House Valuation on FASFA and CSS

I filled out the FASFA in the fall and just realized I haven’t completed the CSS. But in the interim I noticed an article that says you should not over-value your home. I FASFA I put just a little bit below the Zillow estimate - which is waaaay more than the tax assessor’s view of the value of my home. What should I use to estimate the value of our home? And if the CSS value is different from the FASFA which was already turned in - is that a problem?

@patertrium

Your value of your primary residence does NOT NOT NOT go on your FAFSA…at all. Where did you put that? The fafsa directions are very clear…real estate does NOT include the home in which you reside. Is that what you are talking about?

I assumed I has been asked the home value in fasfa. That’s actually good news. Just misremembering. If that’s the case - how best to value the home in CSS?

At least where we live, the assessed value of your home is multiplied by the Common Level Ratio (issued by the County and which changes every year) to approximate the value of your home. That might be why your assessment seems so low compared to estimated sales price.

Zillow seems to be what most people use.

As OP’s correction attests, only the CSS asks for home valuation. I went to several sites (Zillow included) and picked the lowest one. I suppose you could use the value used to calculate property taxes, but it’s always way lower than market value (thank goodness) and not really an honest picture of what your house is worth on the market.

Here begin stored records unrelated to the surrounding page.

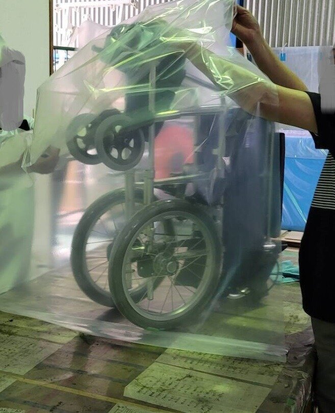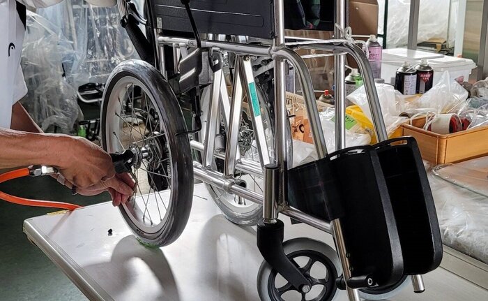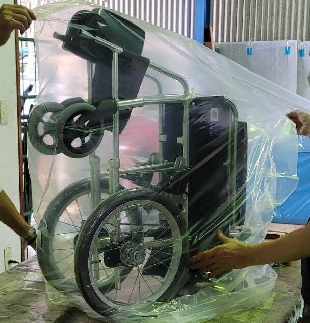 【管-100503様】車いす洗浄・消毒・光触媒コーティング 【管-100503様】より車いすの洗浄・消毒とオプションサービスの光触媒コーティングの依頼を受けました。 オゾン室での除菌→洗浄を経て、光触媒コーティングを行っています。 最後は、ベテラン職員による丁寧な梱包作業です。 作業がすべて完了し、お客様のご自宅へ戻る準備ができました。ご利用ありがとうございます。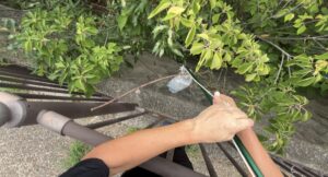 現場に行ってみると、ゴミ袋は木々の間に挟まれていて、しかも枝に絡まっている状態。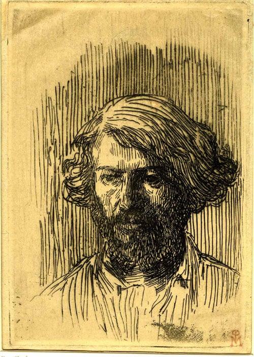 An early self-portrait. This etching on yellowish oriental paper was donated by Campbell Dodgson, who presented 10 works on paper to the British Museum through the Art Fund between 1907 and 1928 and bequeathed a large collection of etchings by William Strang in 1952.

The idea is what it could sell for tomorrow, as-is. Your house, not what the last nearby one sold for, either.

Most sites tell you not to use assessed value, which is the town’s own calculation. Eg, in my area, a discount is applied for homeowner occupancy. For various reasons, the actual assessment runs high. Zillow, et al, are based on neighborhood comparisons, not your home, which may have different upgrades or not, or flaws. Imo, go as low as you can justify.

I was able to use the fed calculator to our advantage, some don’t find it so.
http://www.finaid.org/calculators/federalhousing.phtml

Zillow overprices homes in our area by a lot, IMO – by probably more than $100k (in SoCal). Zillow assumes that there is no deferred maintenance issues or repairs necessary. In our case, I went for local neighborhood comps (I actually saved flyers from local homes with same floor plans). There is a house identical to ours down the street that has been for sale for over 6 mos. asking $695,000. I took that price (which arguably is priced too high, as it hasn’t sold, even though it has been completely renovated) & deducted $100k for necessary upgrades which we’d have to do in order to sell our house (3 new bathrooms, new flooring/carpet & a new roof). I feel, if asked, we could justify our estimate with these facts.

I used the lower value of the Zestimate range on Zillow.